Hobbe Baerdt van Sminia (1655-1721)

Uit Wikipedia, de vrije encyclopedie
Dit is een oude versie van deze pagina, bewerkt door Jan Arkesteijn (overleg | bijdragen) op 27 mei 2017 om 14:28. (+ afbeelding)
Deze versie kan sterk verschillen van de huidige versie van deze pagina.
Hobbe Baerdt van Sminia (Johannes Heimans, 1679)

Hobbe Baerdt van Sminia (22 augustus 1655 - Leeuwarden, 23 oktober 1721) was raadsheer en president-raadsheer van het gerechtshof van Friesland te Leeuwarden.

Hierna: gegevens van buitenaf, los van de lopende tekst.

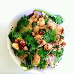 干煸花椒,炒出花椒油,花椒抄黑后剩下的油倒入先前调制的料汁中,花椒倒掉。 上边忘记说了这个调料

Van Sminia was een zoon van de raadsheer Jetze van Sminia en van Anna Maria van Baerdt. Hij was secretaris van de grietenij Stellingwerf-Westeinde. In 1679 werd hij door het kwartier Zevenwolden gekozen tot raadsheer in het Hof van Friesland. Ondanks protesten vanuit Oostergo bleef zijn benoeming gehandhaafd. Hij vervulde deze functie gedurende bijna 42 jaar. De laatste zes jaar was hij tevens president van het hof.[1]

Van Sminia is driemaal getrouwd geweest. Op 2 januari 1678 trouwde hij te Franeker met Tetje Gerroltsma. Op 17 april 1692 trouwde hij te Oudega met Catharina van Haersma. Zijn derde huwelijk sloot hij op 3 april 1701 te Rijperkerk met Ida Margaretha van Rhala. Hij had in het totaal negen kinderen.[1] Van Sminia was in 1697 de één na rijkste Fries met een geschat vermogen van 450.000 gulden. In 1706[2] kocht hij het grietmanschap van Hinnaarderadiel voor 38.000 gulden van Edzard van Grovestins voor zijn zoon Idzard uit zijn eerste huwelijk.[3]

Van Sminia kocht in 1681 de stins De Klinze, ook oppe Clincke genoemd, in Oudkerk. Tot 1966 hebben zijn nazaten deze stins bewoond.